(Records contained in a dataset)
——

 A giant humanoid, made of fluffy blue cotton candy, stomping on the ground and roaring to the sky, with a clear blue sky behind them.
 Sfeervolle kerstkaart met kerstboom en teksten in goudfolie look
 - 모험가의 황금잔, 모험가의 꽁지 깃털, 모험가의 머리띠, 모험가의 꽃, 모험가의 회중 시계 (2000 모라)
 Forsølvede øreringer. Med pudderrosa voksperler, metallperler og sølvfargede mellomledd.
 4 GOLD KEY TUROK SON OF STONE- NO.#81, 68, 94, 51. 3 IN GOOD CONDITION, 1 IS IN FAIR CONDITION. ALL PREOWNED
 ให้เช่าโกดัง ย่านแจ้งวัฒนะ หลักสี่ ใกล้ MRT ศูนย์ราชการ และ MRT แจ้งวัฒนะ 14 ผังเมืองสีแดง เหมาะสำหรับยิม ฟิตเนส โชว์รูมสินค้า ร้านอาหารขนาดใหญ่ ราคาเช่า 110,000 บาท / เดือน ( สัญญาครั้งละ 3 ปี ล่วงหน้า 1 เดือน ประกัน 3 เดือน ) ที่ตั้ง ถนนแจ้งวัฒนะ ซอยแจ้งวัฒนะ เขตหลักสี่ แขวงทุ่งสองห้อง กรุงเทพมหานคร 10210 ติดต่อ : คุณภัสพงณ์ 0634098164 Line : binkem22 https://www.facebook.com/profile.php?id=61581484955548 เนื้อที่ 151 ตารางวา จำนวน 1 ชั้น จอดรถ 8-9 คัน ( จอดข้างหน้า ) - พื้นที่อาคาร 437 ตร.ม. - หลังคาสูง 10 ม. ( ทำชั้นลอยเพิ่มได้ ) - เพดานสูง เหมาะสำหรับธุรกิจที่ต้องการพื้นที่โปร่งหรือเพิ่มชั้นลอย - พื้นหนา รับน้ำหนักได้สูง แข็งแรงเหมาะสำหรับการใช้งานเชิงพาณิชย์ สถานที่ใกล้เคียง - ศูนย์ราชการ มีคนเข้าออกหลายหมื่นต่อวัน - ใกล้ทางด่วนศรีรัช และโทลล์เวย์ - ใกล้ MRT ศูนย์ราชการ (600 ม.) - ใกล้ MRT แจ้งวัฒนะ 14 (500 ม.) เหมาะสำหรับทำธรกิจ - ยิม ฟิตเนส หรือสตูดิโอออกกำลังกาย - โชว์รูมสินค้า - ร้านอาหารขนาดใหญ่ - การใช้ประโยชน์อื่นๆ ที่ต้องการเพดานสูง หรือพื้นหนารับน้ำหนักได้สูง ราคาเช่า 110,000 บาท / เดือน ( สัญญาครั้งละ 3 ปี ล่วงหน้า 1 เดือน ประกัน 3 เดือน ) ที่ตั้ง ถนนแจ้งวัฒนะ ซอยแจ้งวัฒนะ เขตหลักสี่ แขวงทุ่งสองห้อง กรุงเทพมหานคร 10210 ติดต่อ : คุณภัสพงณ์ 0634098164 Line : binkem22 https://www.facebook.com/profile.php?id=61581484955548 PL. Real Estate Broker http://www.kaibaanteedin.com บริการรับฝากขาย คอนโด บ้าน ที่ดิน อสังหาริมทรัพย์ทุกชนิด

——

--- Exercise aim ---
Exactly the lines from the one with "Forsølvede øreringer. Med" through the final line of the entries are to be returned, both ends included.

--- Exercise response ---
 Forsølvede øreringer. Med pudderrosa voksperler, metallperler og sølvfargede mellomledd.
 4 GOLD KEY TUROK SON OF STONE- NO.#81, 68, 94, 51. 3 IN GOOD CONDITION, 1 IS IN FAIR CONDITION. ALL PREOWNED
 ให้เช่าโกดัง ย่านแจ้งวัฒนะ หลักสี่ ใกล้ MRT ศูนย์ราชการ และ MRT แจ้งวัฒนะ 14 ผังเมืองสีแดง เหมาะสำหรับยิม ฟิตเนส โชว์รูมสินค้า ร้านอาหารขนาดใหญ่ ราคาเช่า 110,000 บาท / เดือน ( สัญญาครั้งละ 3 ปี ล่วงหน้า 1 เดือน ประกัน 3 เดือน ) ที่ตั้ง ถนนแจ้งวัฒนะ ซอยแจ้งวัฒนะ เขตหลักสี่ แขวงทุ่งสองห้อง กรุงเทพมหานคร 10210 ติดต่อ : คุณภัสพงณ์ 0634098164 Line : binkem22 https://www.facebook.com/profile.php?id=61581484955548 เนื้อที่ 151 ตารางวา จำนวน 1 ชั้น จอดรถ 8-9 คัน ( จอดข้างหน้า ) - พื้นที่อาคาร 437 ตร.ม. - หลังคาสูง 10 ม. ( ทำชั้นลอยเพิ่มได้ ) - เพดานสูง เหมาะสำหรับธุรกิจที่ต้องการพื้นที่โปร่งหรือเพิ่มชั้นลอย - พื้นหนา รับน้ำหนักได้สูง แข็งแรงเหมาะสำหรับการใช้งานเชิงพาณิชย์ สถานที่ใกล้เคียง - ศูนย์ราชการ มีคนเข้าออกหลายหมื่นต่อวัน - ใกล้ทางด่วนศรีรัช และโทลล์เวย์ - ใกล้ MRT ศูนย์ราชการ (600 ม.) - ใกล้ MRT แจ้งวัฒนะ 14 (500 ม.) เหมาะสำหรับทำธรกิจ - ยิม ฟิตเนส หรือสตูดิโอออกกำลังกาย - โชว์รูมสินค้า - ร้านอาหารขนาดใหญ่ - การใช้ประโยชน์อื่นๆ ที่ต้องการเพดานสูง หรือพื้นหนารับน้ำหนักได้สูง ราคาเช่า 110,000 บาท / เดือน ( สัญญาครั้งละ 3 ปี ล่วงหน้า 1 เดือน ประกัน 3 เดือน ) ที่ตั้ง ถนนแจ้งวัฒนะ ซอยแจ้งวัฒนะ เขตหลักสี่ แขวงทุ่งสองห้อง กรุงเทพมหานคร 10210 ติดต่อ : คุณภัสพงณ์ 0634098164 Line : binkem22 https://www.facebook.com/profile.php?id=61581484955548 PL. Real Estate Broker http://www.kaibaanteedin.com บริการรับฝากขาย คอนโด บ้าน ที่ดิน อสังหาริมทรัพย์ทุกชนิด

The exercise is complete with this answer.